It was not until 1902 that express trains ran on to the wharf to collect the passengers and their luggage from beside the ferry. This involved hauling the carriages past Lyttelton station, where another locomotive pulled them around a sharp curve on to No. 2 wharf in front of the station. This wharf was operated by steam locomotives until 1970, as an important aspect of the service was the use of steam to heat the carriages. This work was performed by F-class locomotives until 1964, after which Ab locomotives were used. From the wharf, the express services ran non-stop to Christchurch, where passengers could avail themselves of refreshments or the station dining room before the train continued on to Dunedin.

In the opposite direction, the evening express’ terminated on the Lyttelton Wharf. Though this began in 1897, it was not until 1909 that passengers were able to travel directly from Invercargill to Lyttelton, as previously an overnight stop in Dunedin was required.
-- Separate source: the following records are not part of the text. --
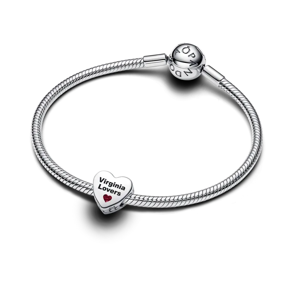 Virginia’s breathtaking countryside comes to life on this heart-shaped charm in sterling silver. One side captures the beauty of rolling hills, clear blue skies, and blooming dogwood flowers in glossy enamel. On the other side features “Virginia Lovers” in black lettering with a lovely red heart underneath. Wear your love on a stylish charm, pictured with the place you call home.
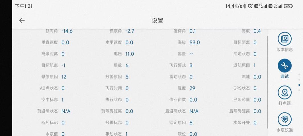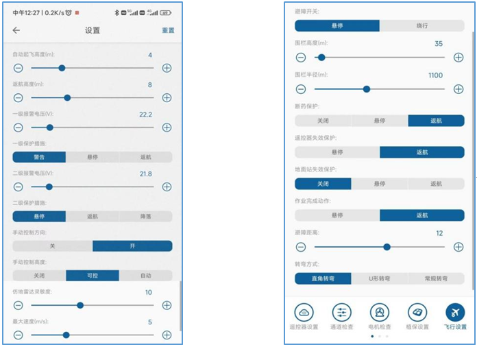 设置功能包括配置与无人机的遥控器设置、植保设置、遥控器通道检查、电机检查、飞行校准和读取飞行日志等功能。
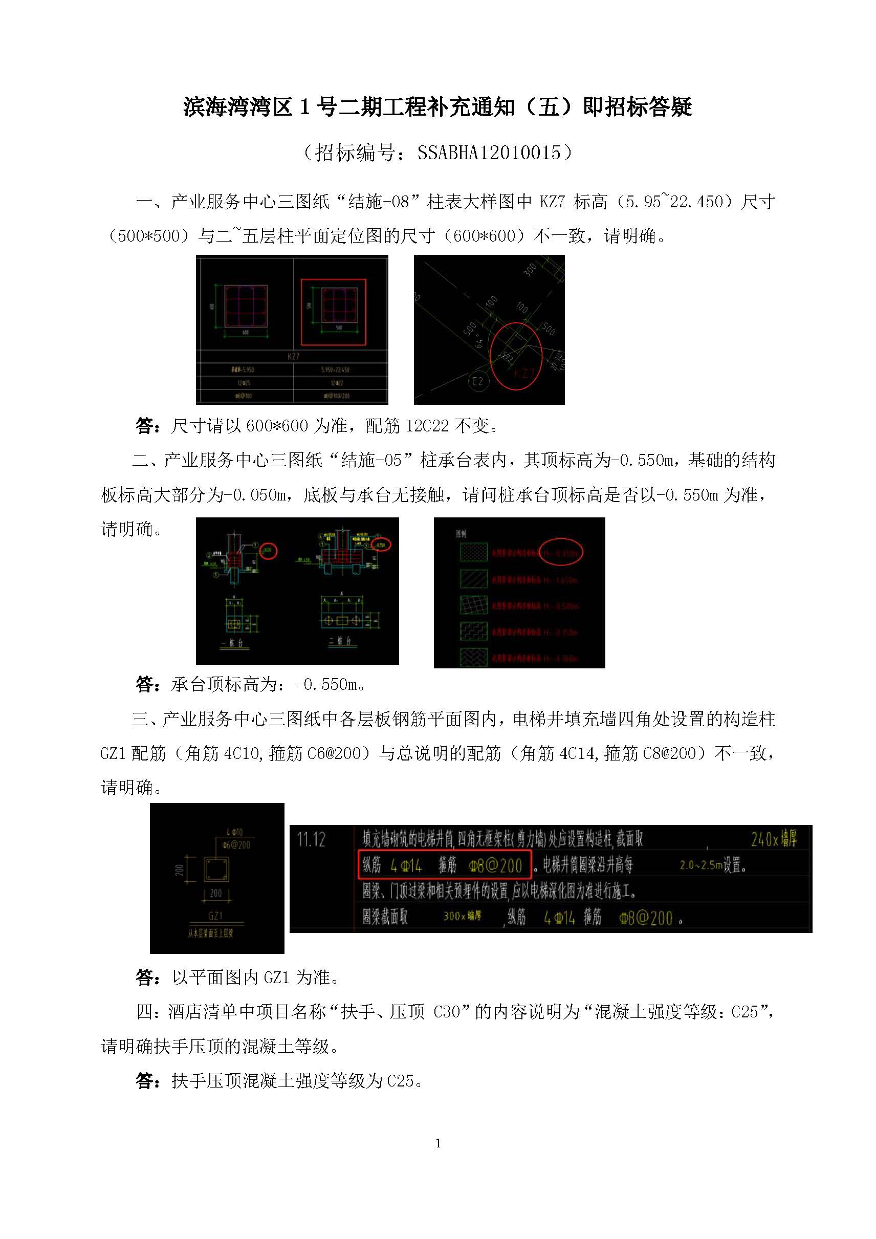 濱海灣灣區(qū)1號(hào)二期工程補(bǔ)充通知(五)即招標(biāo)答疑(招標(biāo)編號(hào):SSABHA12010015)
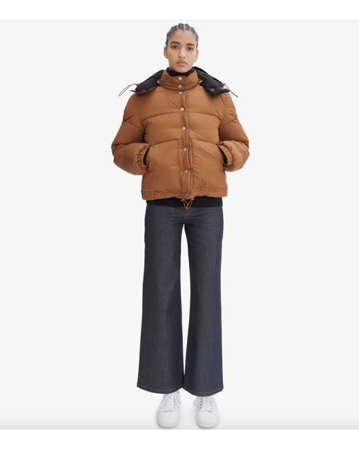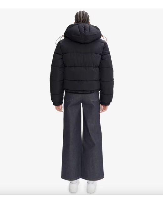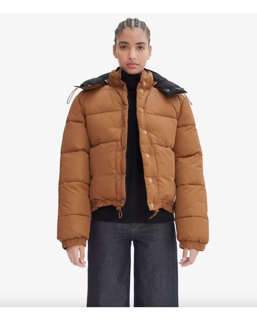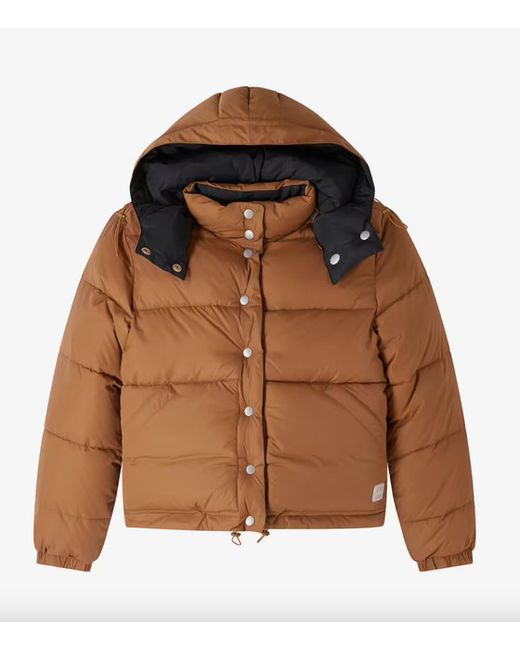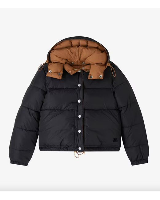 Removable hood with drawstrings and stopper, and a high collar with snap buttons. Elasticated wrists. Drawstrings with stoppers at the bottom. Silicone A.P.C. patch on lower left.
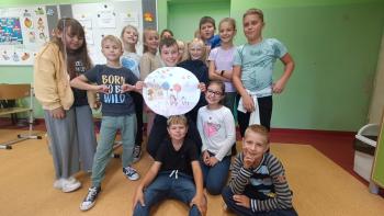 Zorganizowano również gry i zabawy integracyjne, które wprowadzały uczniów w atmosferę współpracy, twórczej ekspresji i budowania pewności siebie. Cała szkoła wypełniła się kolorami, a każdy uczeń mógł pokazać swój unikalny sposób na "kropkę".
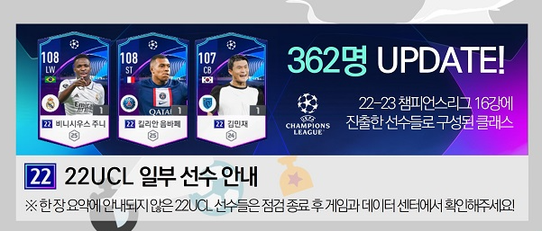 넥슨이 한국에 서비스하는 축구 게임 ‘피파온라인4’가 신규 선수 카드 ‘22UCL’를 추가했다. 22UCL 카드는 22-23 UEFA 챔피언스리그 16강 진출팀 선수들로 구성됐다. 선수들의 능력치는 앞으로 UEFA 챔피언스리그에서의 활약에 따라서 최대 4회 조정될 수 있다. UEFA 챔피언스리그가 종료되면 각 선수들의 능력치가 확정된다.
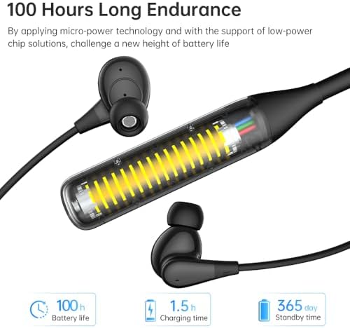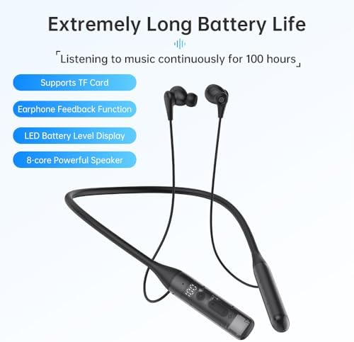 - 【100 Hours Playback】: The wireless neckband headphones are equipped with a lithium-ion large-capacity battery and a low-power smart chip, with a total use time of more than 100 hours and a high battery life to meet the user's power needs. The wireless headphones are also equipped with a display percentage battery and a volume adjustment display, which can always keep an eye on power changes and complete intelligent charging.

The express services from Timaru were taken all the way through to Lyttelton by the same locomotives until the mid-1920s. In 1927 the schedules were revised and passengers were given a choice of boat trains in the evening. Those desiring to arrive early had the option of a service departing Christchurch at 19:10, but still had to wait for the arrival of the express and the boarding of its passengers and luggage before the ferry could depart for Wellington.
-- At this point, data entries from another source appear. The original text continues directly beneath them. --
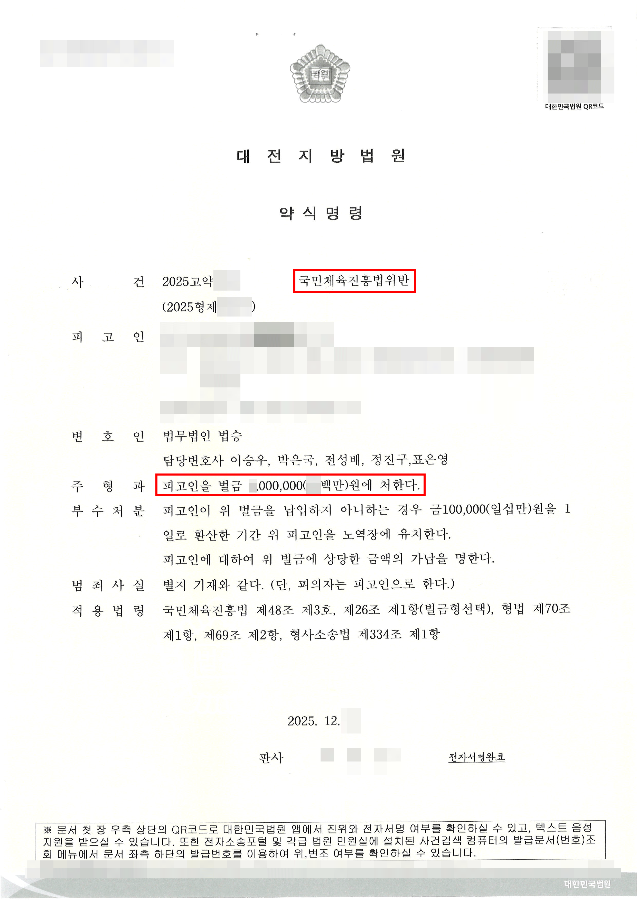 약식명령(벌금형) | 수억 원대 불법 스포츠 도박 혐의, ‘벌금형’ 약식명령으로 선처받은 사례
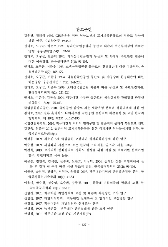 127 참고문헌 김우관, 정해식 1992. GIS응용을 위한 영상보전과 토지피복분류도의 정확도 향상에 관한 연구, 지리학논구 1948-6 권태호, 오구균, 이준우 1990. 속리산국립공원의 등산로 훼손과 주연부식생에 미치는 영향. 응용생태연구4 1 63-68. 권태호, 오구균, 권순덕 1991. 지리산국립공원의 등산로 및 야영장 주변환경 훼손에 대한 이용영향. 응용생태연구 5 1 91-103. 권태호, 오구균, 이준우 1993. 소백산국립공원 등산로의 환경훼손에 대한 이용영향. 응 용생태연구 6 2 168-179. 권태호, 오구균, 이준우 1994. 덕유산국립공원 등산로 및 야영장의 환경훼손에 대한 이용영향. 응용생태연구 7 2 241-251. 권태호, 오구균, 이준우 1996. 오대산국립공원 이용에 따른 ...
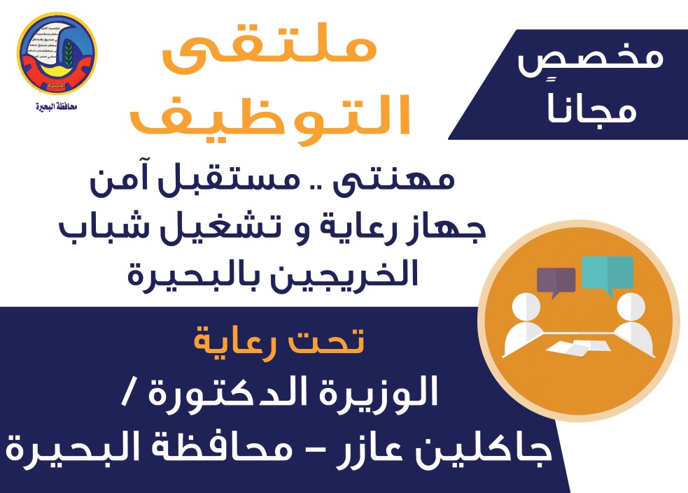 وناشدت محافظة البحيرة جميع الشباب حضور الملتقى الذي ينظمه جهاز تشغيل شباب الخريجين بالتنسيق مع شركات القطاع الخاص ويشارك فيه 25 شركة من مختلف القطاعات، ويتيح أكثر من 5000 فرصة عمل حقيقية للشباب من جميع المؤهلات الدراسية وحتى بدون مؤهلات، وذلك لمن تتراوح أعمارهم بين 18 و55 عامًا، وعلى هامش الملتقى، تم تخصيص أماكن لعرض منتجات المرأة المعيلة، بالتعاون مع المجلس القومي للمرأة، بالإضافة إلى إقامة معرض مصغر للكتاب.

The future of the ferry service was dealt a deleterious blow on 10 April 1968 with the sinking of TEV Wahine in Wellington Harbour. However, it was already beginning to feel the effects of competition from air services, which were greatly improved with the National Airways Corporation (now Air New Zealand) introducing Boeing 737-200 aircraft to its main routes in 1968, and by the Railway Departments own road-rail ferry service between Picton and Wellington, which commenced in 1962 and provided considerable time savings, especially to those north of Christchurch. The first service lost was the early boat train from Christchurch at 19:10 in September 1968. From 1970 "boat train" services were provided by the Southerner, introduced in December of that year, which started its run to Invercargill from Lyttelton. However, patronage continued to decline and the last boat train met the final run of the Rangatira on 14 September 1976. Following the demise of the ferry connection, Southerner trains commenced their journeys from Christchurch. These trains had the distinction of being the last timetabled passenger services to run on the Lyttelton Line.

Electrified services[edit]

The main impetus for electrification of the Lyttelton Line was to alleviate the nuisance created by the smoke exhaust of the steam locomotives in the Lyttelton tunnel for passengers and crews alike. Other options tried or investigated for this line were an attempt in 1909 to convert a Wf class steam locomotive to oil burning for operation through the tunnel, a move that proved to be only partially successful, and a study done into the idea of using diesel motive power through the tunnel, an option that was abandoned due to the immaturity of the technology at the time.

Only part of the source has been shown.